Recently, a confidential Qui Tam federal motion by the Florida Society of Anesthesia (FSA) has been made public. In this suit, the FSA alleges unlawful “company model” schemes by several practice groups, mainly gastroenterologists, and filed a federal false claims act complaint.
Anesthesiology has seen a rise of proceduralists utilizing the company model. In this model, anesthesia providers are hired, turn over billing rights, and then are compensated below market rates. Alternately, CRNAs can replace physician anesthesiologists. Some believe this loss of business and income has larger implications. In an era of health reform, this may alter the value of Anesthesia Care in fee splitting/value based models of care. The company model is currently illegal under some state laws, such as Maryland, but not necessarily federal law. Other arrangements exist, however, that are legal. This article reviews the basics and the implications.
Let’s start by looking at the three principal ways that we provide service to Surgeon-owned centers:
Fee-For-Service Model (traditional model)
An Anesthesia group will work directly with the ASC (ambulatory care center), providing its service and assuming responsibility for billing and collecting. Since there is no financial connection between the anesthesia group and the ASC, this model carries little legal risk of violating the AKS (Anti-Kickback Statute).
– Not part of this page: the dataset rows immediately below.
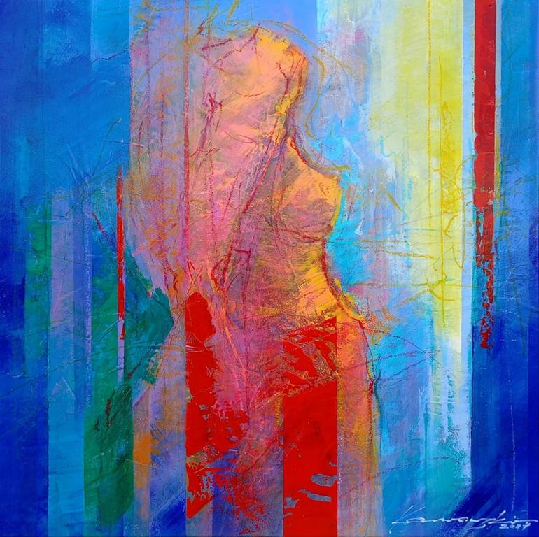 Female nude and mirror reflection painted with acrylic on canvas. Vertical lines and spots emphasize peace and elegance. Paint applied texturally, drawing with oil pastel. The sides of the painting are painted, the painting is ready to hang on the wall.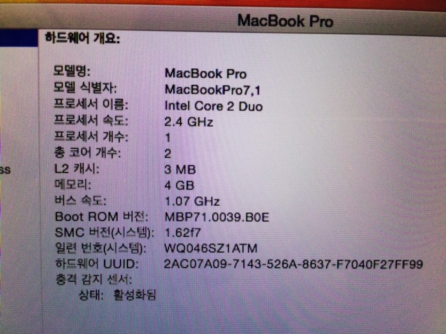 맥북프로 13인치 2010 Mid 250GB 4G 메모리 팝니다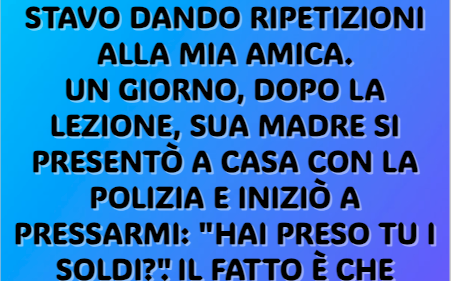 Stavo dando ripetizioni alla mia amica. Un giorno, dopo la lezione, sua madre si presentò a casa con la polizia e iniziò a pressarmi: “Hai preso tu i soldi?”. Il fatto è che nell’appartamento era scomparsa una notevole somma in contanti. Ma io non avevo preso nulla; non ero nemmeno entrata in quella stanza! Tuttavia, il modo in cui sua madre mi guardava – come se avesse già deciso che fossi colpevole – mi fece annodare lo stomaco.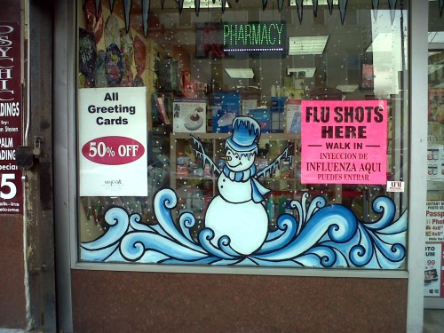 You can get a flu shot here! Muhammad was interested in keeping the painting up past Christmas and New Years and liked the snow men at Fortunatos so icicles and snow men were the order of the day. These windows took about 4 hours to paint.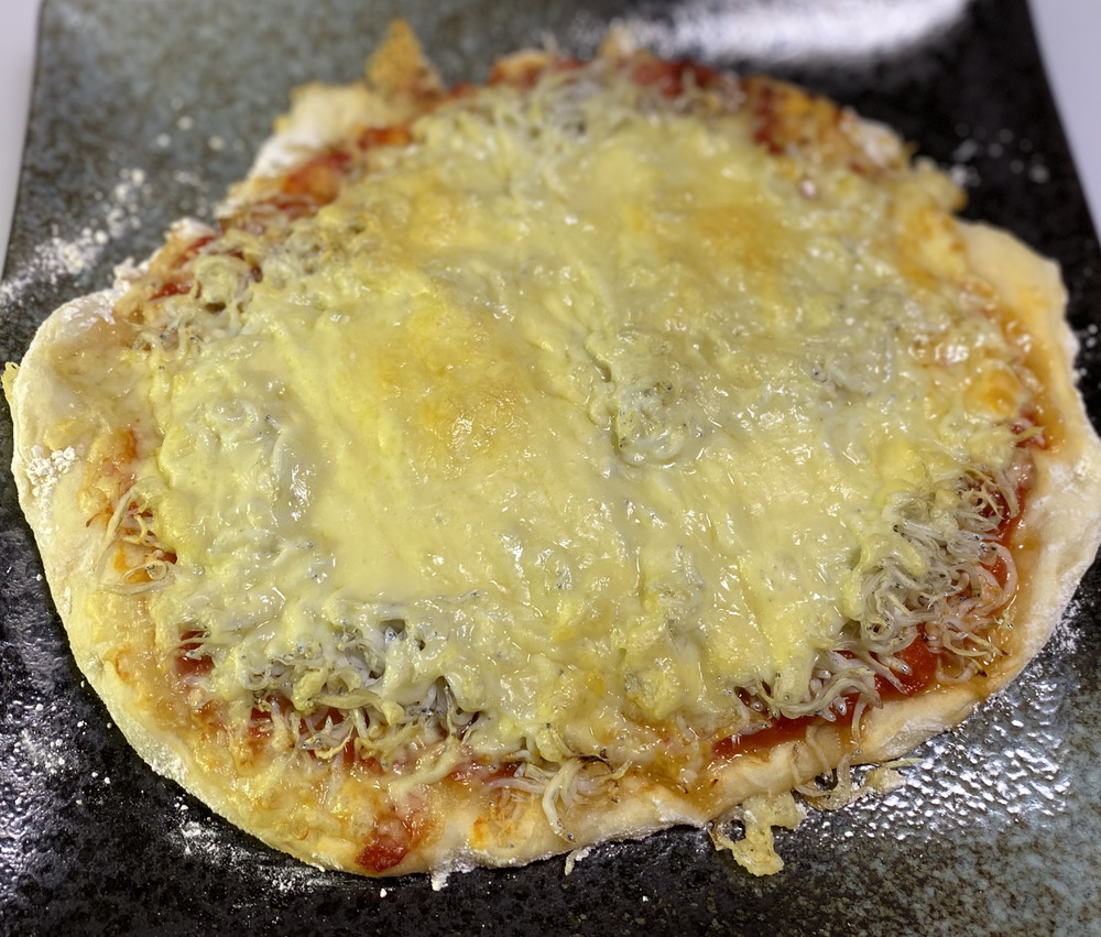 サンマルツアーノをつかってトマトソースを作り、淡路島特産のシラスをつかってシラスピザ

Another option is the employment model, in which the ASC will employ the anesthesia providers directly and provide their salary. In this case, the anesthesia providers perform anesthesia services at the ASC and give the ASC the right to collect professional fees for their services. In contrast to the traditional model, this allows the ASC to gain revenue from anesthesia services.
There are downsides to the employment model. First, the ASC is responsible for the provider’s salary, even if revenues are less than expected. Second, some third-party payers may hesitate to process claims from an ASC that covers facility and anesthesia services simultaneously. The ASC that bills for anesthesia often has payments bundled, denied or delayed.
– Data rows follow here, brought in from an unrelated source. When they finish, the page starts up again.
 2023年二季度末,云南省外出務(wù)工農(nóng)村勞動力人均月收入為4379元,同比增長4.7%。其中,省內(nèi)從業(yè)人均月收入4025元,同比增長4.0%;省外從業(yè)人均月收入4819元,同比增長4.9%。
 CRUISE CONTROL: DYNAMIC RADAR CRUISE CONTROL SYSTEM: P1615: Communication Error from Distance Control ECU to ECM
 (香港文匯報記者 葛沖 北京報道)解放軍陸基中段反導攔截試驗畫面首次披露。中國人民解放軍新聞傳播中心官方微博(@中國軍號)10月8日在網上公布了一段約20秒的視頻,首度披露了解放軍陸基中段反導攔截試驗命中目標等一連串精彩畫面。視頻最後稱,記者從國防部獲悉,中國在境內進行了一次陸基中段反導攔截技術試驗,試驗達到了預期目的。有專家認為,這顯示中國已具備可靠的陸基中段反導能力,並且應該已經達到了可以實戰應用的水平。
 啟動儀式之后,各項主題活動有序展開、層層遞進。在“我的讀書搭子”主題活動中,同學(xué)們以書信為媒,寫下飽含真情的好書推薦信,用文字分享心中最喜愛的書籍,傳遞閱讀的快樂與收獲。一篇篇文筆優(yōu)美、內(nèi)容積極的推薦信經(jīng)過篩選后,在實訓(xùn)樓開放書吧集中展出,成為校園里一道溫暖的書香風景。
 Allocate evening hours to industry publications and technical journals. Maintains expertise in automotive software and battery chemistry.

Finally, this arrangement could violate some state corporate practice of medicine and fee-splitting regulations. It also can be argued that it increases utilization of services.
The third of the three arrangements is the company model, wherein the ASC creates its own company for anesthesia services which directly employs or contracts with anesthesia providers. The newly-formed company charges for the anesthesia services, whereas the ASC charges for facility fees (keeping them separate and avoiding bundling). Of course, this arrangement is advantageous to the ASC, and is frequently used. However, it has recently faced increased scrutiny by the OIG and is may be illegal under state Self-Referral laws.
There are two major advantages to the company model. First, because the anesthesia service fees and the facility fees are billed by two separate entities under this arrangement, there are fewer chances of payment denial. Additionally, the newly formed company does not need to consist of the exact medical specialists who own the ASC or in the same percentages, allowing more control of the makeup of shareholders.
The OIG has warned that the anesthesia group has given the ASC investors the chance to profit off of anesthesia services, which can potentially be perceived as a kickback. Increased utilization is a red flag. But there are ways to minimize the likelihood of the agreement being perceived as a suspect contractual joint venture under federal law.
Self-Referral and Health Reform
As part of payment reform, we are evaluating new ways to be paid based on the “value” of the care we provide. Initially, this took the form of either incentives or penalties for meeting “quality” requirements or avoiding complications and readmissions. These steps allow the traditional fee for service model to continue.
Going forward, government and third party payers want to transition to a system with bundled payments per episode of care or global capitated budgets for a population of patients. The details are complicated; for providers, the key point is that we must be able to value our services and argue their value. As we transition to a system that rewards referring physicians over captive physicians (like Anesthesiologists, Radiologists and Emergency physicians) even more than now, the importance of negotiation is critical.
Additionally, we are simultaneously transitioning surgical volume from acute care settings like hospitals to outpatient ASC’s that may be hospital owned or physician owned. These physician owned entities are already forced to practice in a highly efficient manner due to lower reimbursement. As the pressure has constrained margins, we must be watchful for business practices that create profit centers from higher utilization of tests and services.